━━━ INPUT DATA

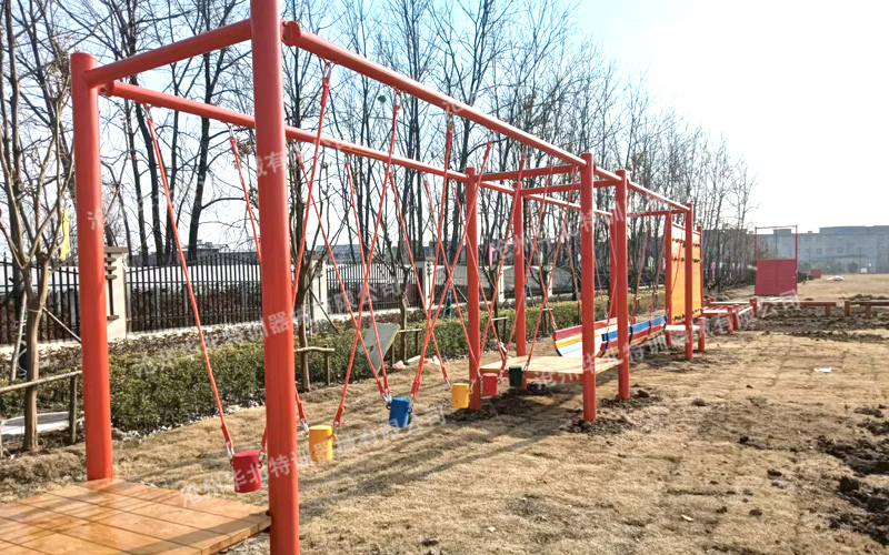 此款重走長征路游樂設備規(guī)格場地需求35米長×32米寬,器械 33.45米長×30米寬。項目寬1.2米,最高點3.5米。主要包含:水平網(wǎng)、橫移墻、時空穿越、吊樁、爬網(wǎng)、曲折橋、圓木秋千等24個項目,可根據(jù)場地情況針對性定制不同規(guī)格,選擇不同項目。
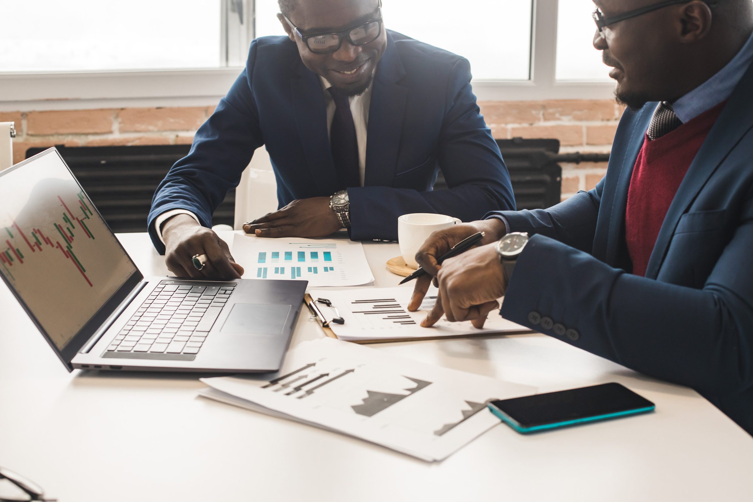 Two dark-skinned partners of an African American businessman at a meeting work on a laptop with a stock market trading terminal. Training in technical analysis and the study of economic indicators,
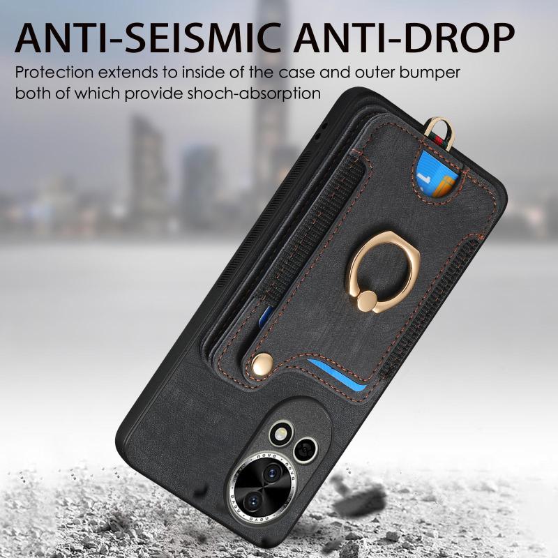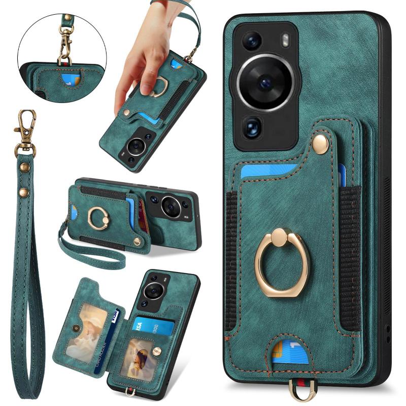 Θήκη τηλεφώνου Huawei P60 Retro με υφή δέρματος, με δακτύλιο και πολλαπλές θήκες για κάρτες (Πράσινο)

━━━━━━

◆ **BRIEF**
An exact, word-for-word version of the material is required, free of pictures.

◆ **WRITTEN ANSWER**
 此款重走長征路游樂設備規(guī)格場地需求35米長×32米寬,器械 33.45米長×30米寬。項目寬1.2米,最高點3.5米。主要包含:水平網(wǎng)、橫移墻、時空穿越、吊樁、爬網(wǎng)、曲折橋、圓木秋千等24個項目,可根據(jù)場地情況針對性定制不同規(guī)格,選擇不同項目。
 Two dark-skinned partners of an African American businessman at a meeting work on a laptop with a stock market trading terminal. Training in technical analysis and the study of economic indicators,
 Θήκη τηλεφώνου Huawei P60 Retro με υφή δέρματος, με δακτύλιο και πολλαπλές θήκες για κάρτες (Πράσινο)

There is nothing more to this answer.